## Exercise directions
In the entries below, find the line with "Fiesta ST’nin içerisine" and the line with "- Cherished Teddies", then retype both and everything between them exactly. Do not copy the pictures.

## Extracted entries

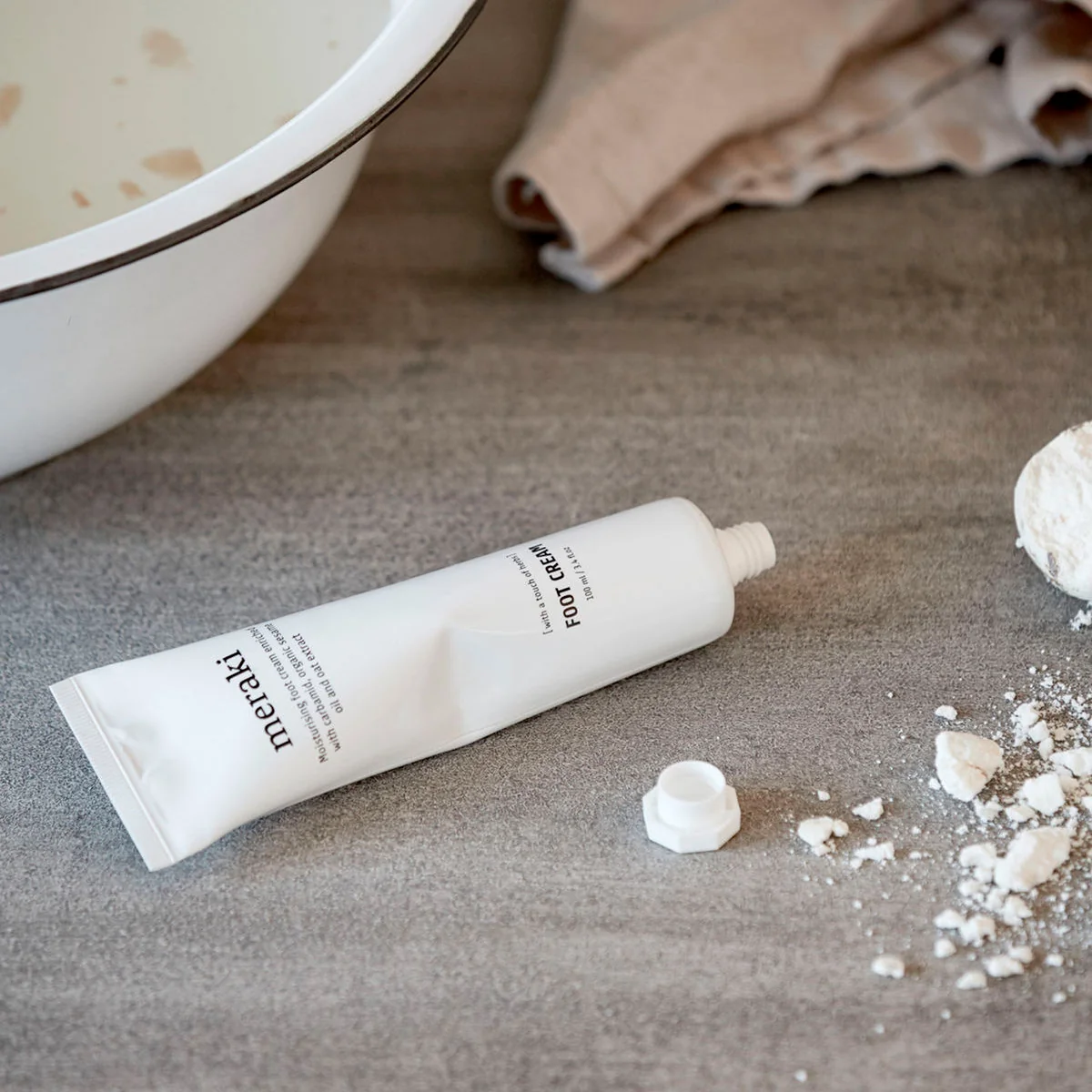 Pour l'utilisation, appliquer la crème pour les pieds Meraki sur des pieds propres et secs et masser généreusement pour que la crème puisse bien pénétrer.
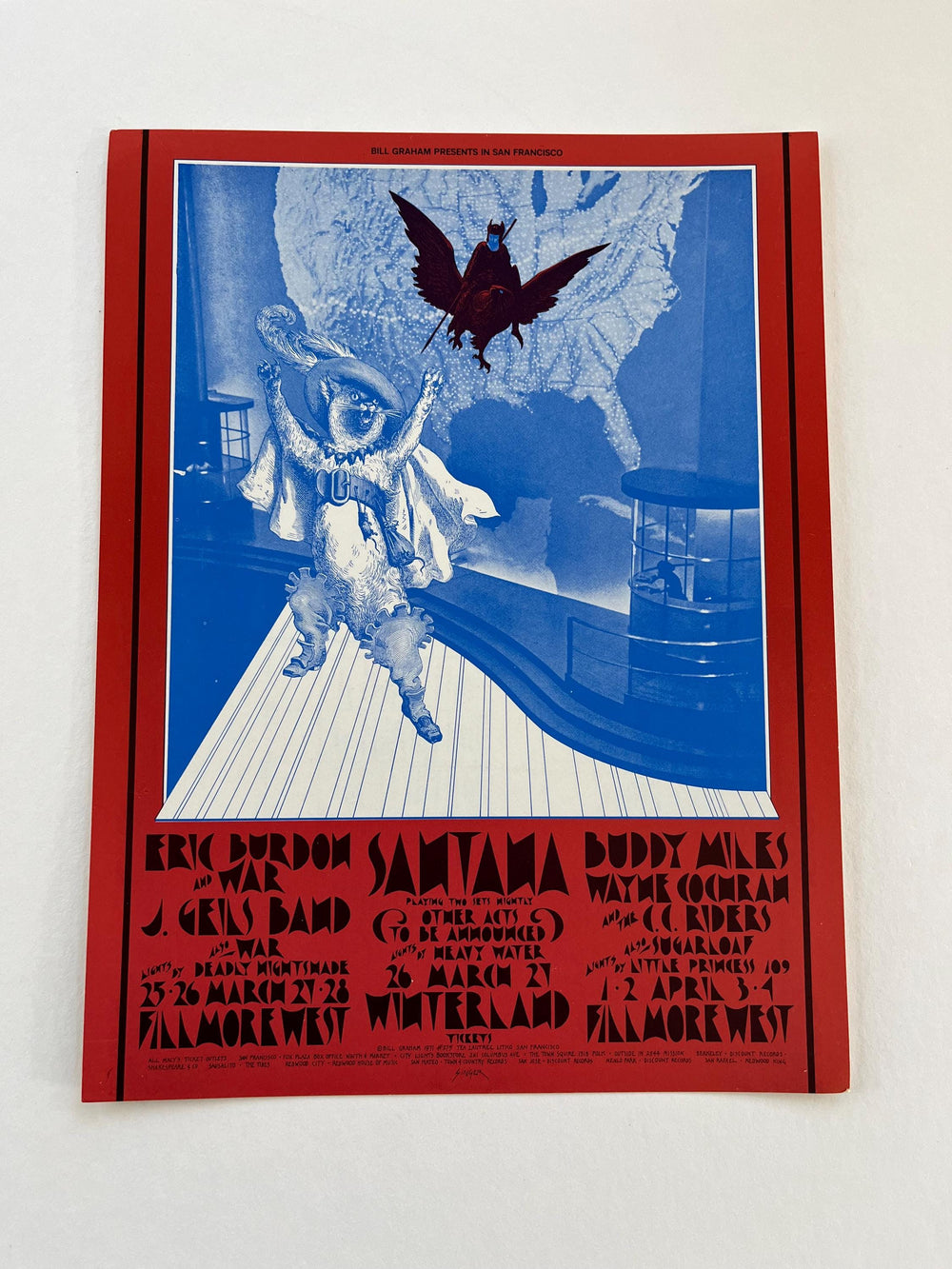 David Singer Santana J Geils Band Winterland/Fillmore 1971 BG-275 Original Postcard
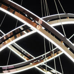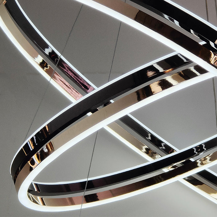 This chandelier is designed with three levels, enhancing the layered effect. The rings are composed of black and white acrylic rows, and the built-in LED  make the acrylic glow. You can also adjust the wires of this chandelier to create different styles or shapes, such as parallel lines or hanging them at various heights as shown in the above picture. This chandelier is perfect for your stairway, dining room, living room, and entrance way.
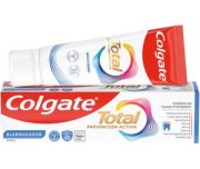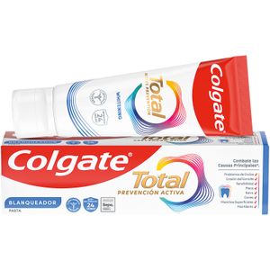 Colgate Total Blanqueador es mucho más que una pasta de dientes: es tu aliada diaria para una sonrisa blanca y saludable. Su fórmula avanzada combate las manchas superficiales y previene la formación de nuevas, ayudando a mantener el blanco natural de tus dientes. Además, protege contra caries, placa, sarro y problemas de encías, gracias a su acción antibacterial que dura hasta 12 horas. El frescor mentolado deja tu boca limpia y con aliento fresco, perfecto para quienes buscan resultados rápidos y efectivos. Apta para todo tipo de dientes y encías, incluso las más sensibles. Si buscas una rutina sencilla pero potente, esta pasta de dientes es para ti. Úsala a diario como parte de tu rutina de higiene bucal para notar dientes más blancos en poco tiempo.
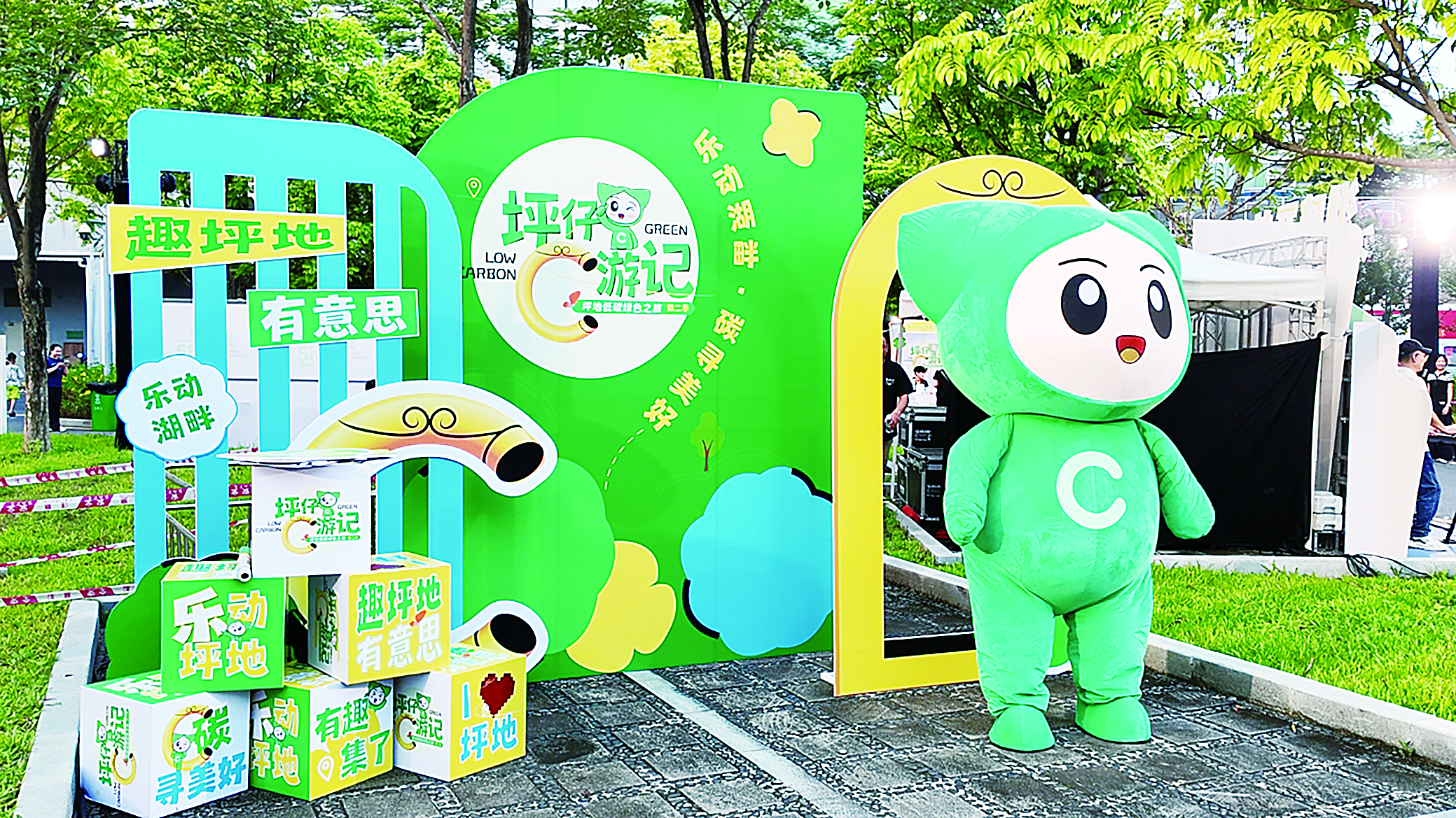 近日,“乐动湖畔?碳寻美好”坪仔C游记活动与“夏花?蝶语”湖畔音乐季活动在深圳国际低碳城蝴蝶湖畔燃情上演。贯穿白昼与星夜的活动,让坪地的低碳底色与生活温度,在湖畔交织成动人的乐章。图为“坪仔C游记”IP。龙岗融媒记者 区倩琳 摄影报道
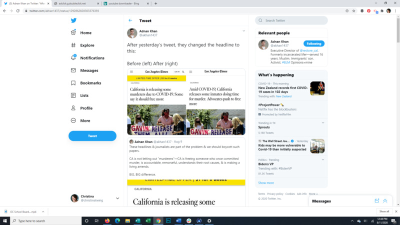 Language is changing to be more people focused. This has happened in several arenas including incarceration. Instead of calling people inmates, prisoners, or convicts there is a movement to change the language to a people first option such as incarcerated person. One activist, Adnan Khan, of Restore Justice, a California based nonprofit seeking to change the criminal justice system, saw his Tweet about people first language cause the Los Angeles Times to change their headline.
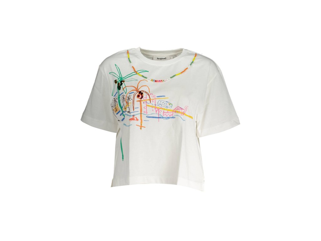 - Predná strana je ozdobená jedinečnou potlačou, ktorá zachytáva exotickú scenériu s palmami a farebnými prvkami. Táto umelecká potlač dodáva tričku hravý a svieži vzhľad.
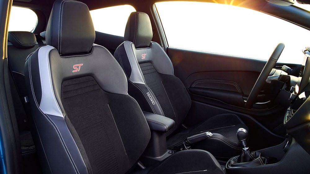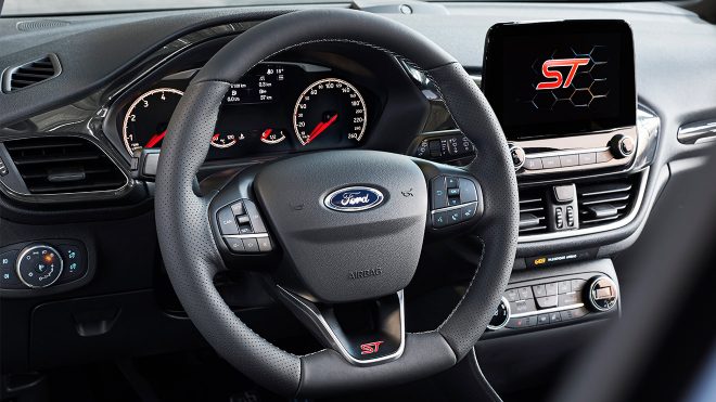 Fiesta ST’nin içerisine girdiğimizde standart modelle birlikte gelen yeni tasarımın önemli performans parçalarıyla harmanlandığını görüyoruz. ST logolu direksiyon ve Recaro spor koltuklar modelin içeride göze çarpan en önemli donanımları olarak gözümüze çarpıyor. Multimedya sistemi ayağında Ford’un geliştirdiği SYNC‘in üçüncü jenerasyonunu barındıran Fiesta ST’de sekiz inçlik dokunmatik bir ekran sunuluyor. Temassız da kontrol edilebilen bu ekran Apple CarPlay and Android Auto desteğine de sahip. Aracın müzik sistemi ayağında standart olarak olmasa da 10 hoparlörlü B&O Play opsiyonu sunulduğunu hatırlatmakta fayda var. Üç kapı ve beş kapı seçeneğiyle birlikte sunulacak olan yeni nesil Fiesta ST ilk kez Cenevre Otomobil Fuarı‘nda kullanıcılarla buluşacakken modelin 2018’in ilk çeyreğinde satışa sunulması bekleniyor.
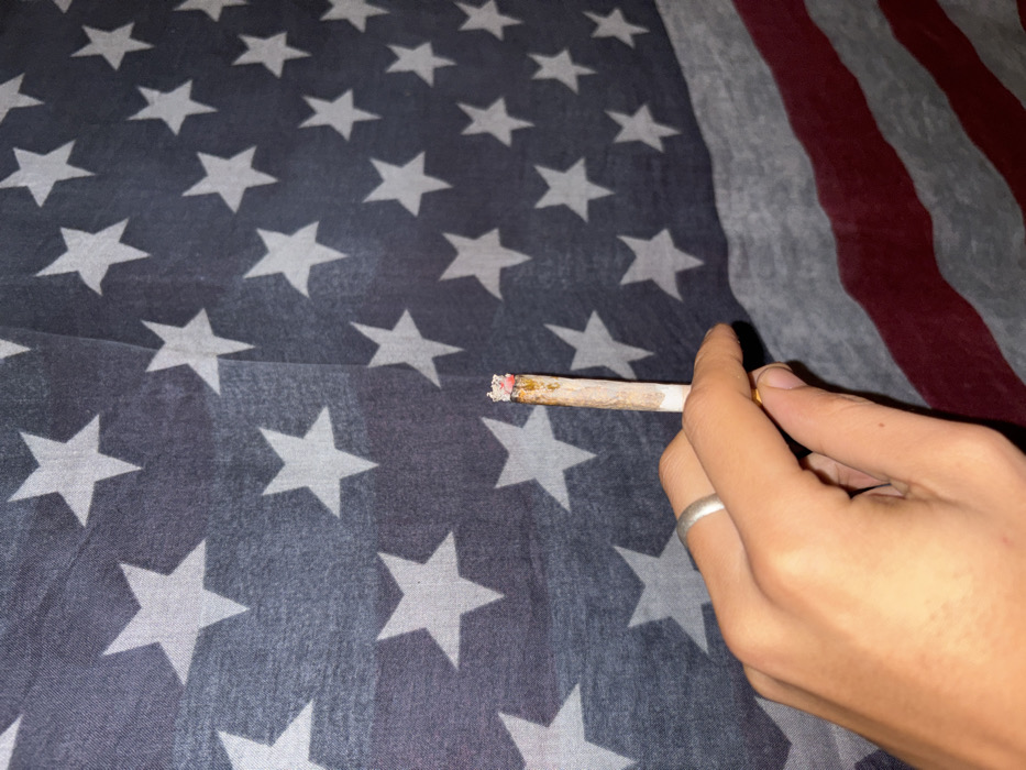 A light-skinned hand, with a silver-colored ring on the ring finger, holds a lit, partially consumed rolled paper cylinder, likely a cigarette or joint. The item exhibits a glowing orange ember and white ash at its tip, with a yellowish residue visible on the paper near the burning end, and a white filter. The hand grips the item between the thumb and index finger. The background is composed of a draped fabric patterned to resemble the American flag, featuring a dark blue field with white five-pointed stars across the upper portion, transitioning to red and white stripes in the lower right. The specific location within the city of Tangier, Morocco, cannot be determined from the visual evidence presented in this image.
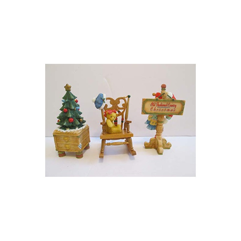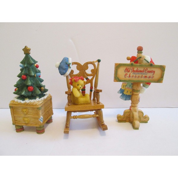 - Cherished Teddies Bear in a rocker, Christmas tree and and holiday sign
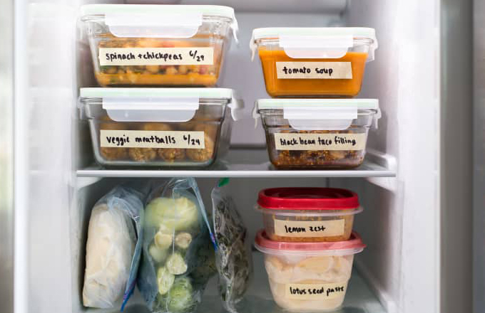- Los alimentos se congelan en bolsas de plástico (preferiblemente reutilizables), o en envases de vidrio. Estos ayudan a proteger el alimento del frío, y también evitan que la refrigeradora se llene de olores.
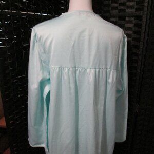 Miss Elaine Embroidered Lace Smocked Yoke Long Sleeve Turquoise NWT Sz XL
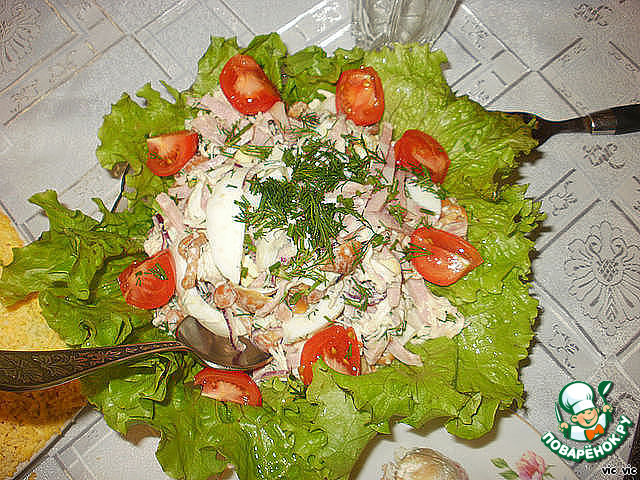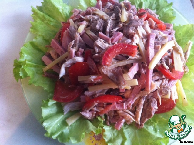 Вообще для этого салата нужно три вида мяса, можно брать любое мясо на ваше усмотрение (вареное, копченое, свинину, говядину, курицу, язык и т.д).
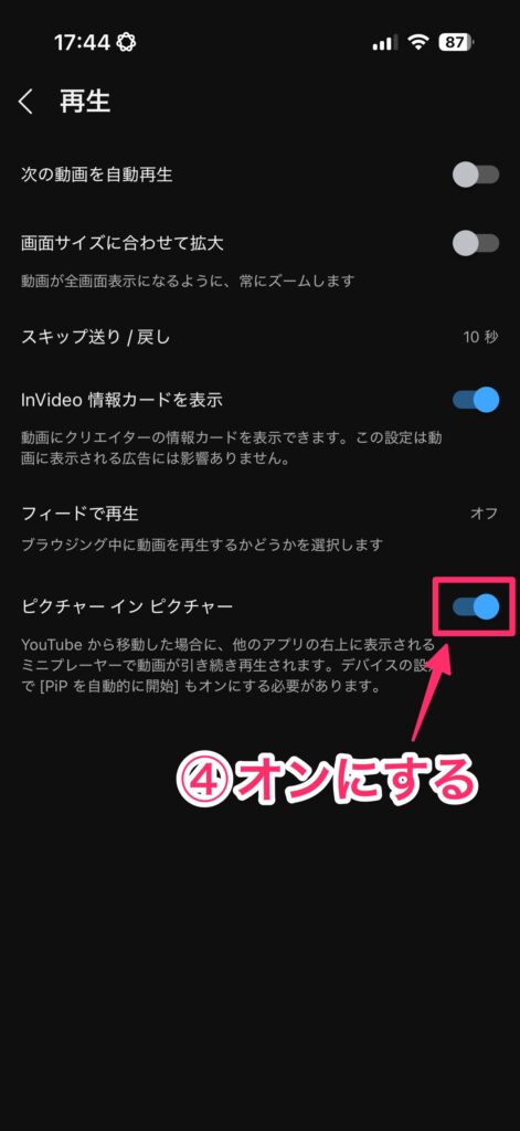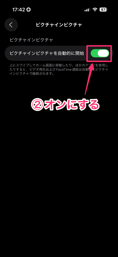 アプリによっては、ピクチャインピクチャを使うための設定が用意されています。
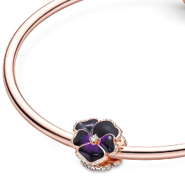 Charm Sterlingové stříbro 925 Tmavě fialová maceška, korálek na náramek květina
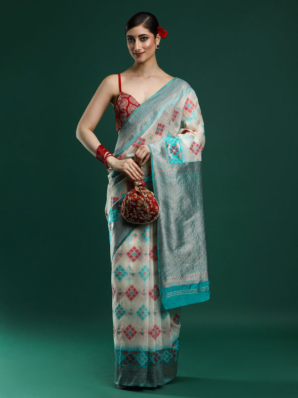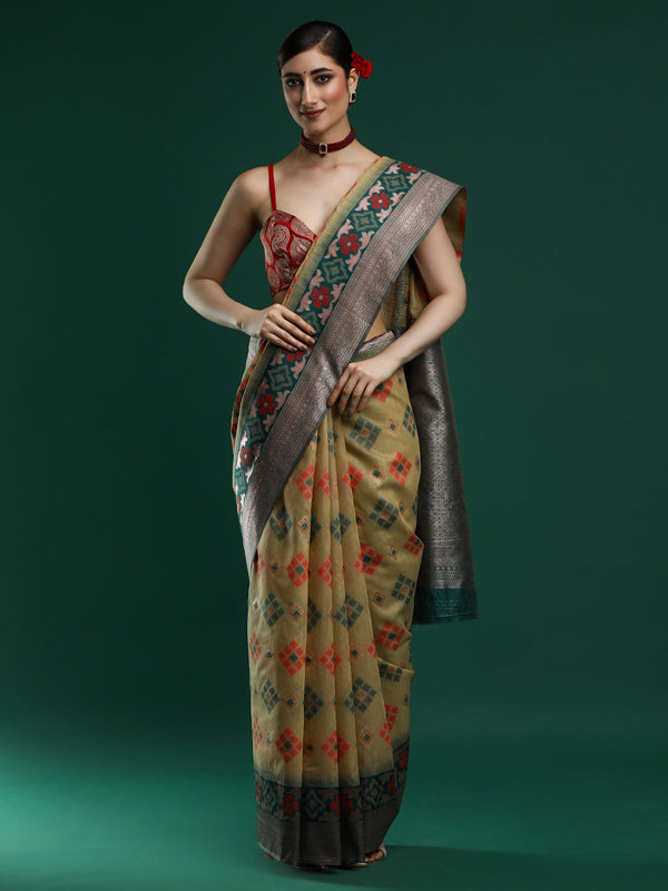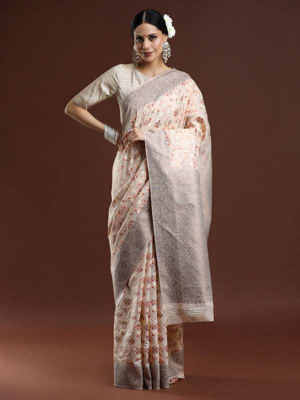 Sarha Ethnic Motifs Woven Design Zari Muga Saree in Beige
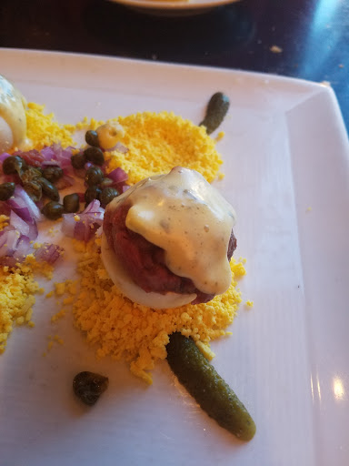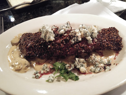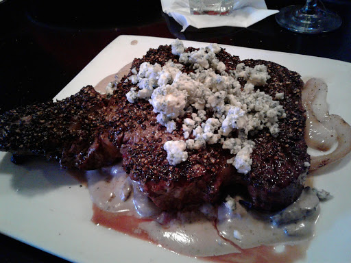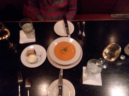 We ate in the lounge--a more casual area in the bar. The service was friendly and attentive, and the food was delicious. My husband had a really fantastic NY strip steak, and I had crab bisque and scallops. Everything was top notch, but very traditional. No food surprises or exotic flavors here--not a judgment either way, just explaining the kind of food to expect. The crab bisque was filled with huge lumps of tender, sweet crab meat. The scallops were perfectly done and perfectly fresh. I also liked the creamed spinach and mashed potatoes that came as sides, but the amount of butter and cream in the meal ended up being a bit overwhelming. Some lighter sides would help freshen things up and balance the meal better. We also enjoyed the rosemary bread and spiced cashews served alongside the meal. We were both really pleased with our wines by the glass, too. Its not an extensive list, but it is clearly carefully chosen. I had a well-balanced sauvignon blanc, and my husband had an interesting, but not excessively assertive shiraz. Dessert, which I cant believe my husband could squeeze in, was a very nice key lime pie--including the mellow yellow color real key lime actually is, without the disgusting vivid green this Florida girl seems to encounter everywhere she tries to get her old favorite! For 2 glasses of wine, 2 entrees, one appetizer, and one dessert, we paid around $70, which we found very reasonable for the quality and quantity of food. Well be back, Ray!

## Answer section
 Fiesta ST’nin içerisine girdiğimizde standart modelle birlikte gelen yeni tasarımın önemli performans parçalarıyla harmanlandığını görüyoruz. ST logolu direksiyon ve Recaro spor koltuklar modelin içeride göze çarpan en önemli donanımları olarak gözümüze çarpıyor. Multimedya sistemi ayağında Ford’un geliştirdiği SYNC‘in üçüncü jenerasyonunu barındıran Fiesta ST’de sekiz inçlik dokunmatik bir ekran sunuluyor. Temassız da kontrol edilebilen bu ekran Apple CarPlay and Android Auto desteğine de sahip. Aracın müzik sistemi ayağında standart olarak olmasa da 10 hoparlörlü B&O Play opsiyonu sunulduğunu hatırlatmakta fayda var. Üç kapı ve beş kapı seçeneğiyle birlikte sunulacak olan yeni nesil Fiesta ST ilk kez Cenevre Otomobil Fuarı‘nda kullanıcılarla buluşacakken modelin 2018’in ilk çeyreğinde satışa sunulması bekleniyor.
 A light-skinned hand, with a silver-colored ring on the ring finger, holds a lit, partially consumed rolled paper cylinder, likely a cigarette or joint. The item exhibits a glowing orange ember and white ash at its tip, with a yellowish residue visible on the paper near the burning end, and a white filter. The hand grips the item between the thumb and index finger. The background is composed of a draped fabric patterned to resemble the American flag, featuring a dark blue field with white five-pointed stars across the upper portion, transitioning to red and white stripes in the lower right. The specific location within the city of Tangier, Morocco, cannot be determined from the visual evidence presented in this image.
 - Cherished Teddies Bear in a rocker, Christmas tree and and holiday sign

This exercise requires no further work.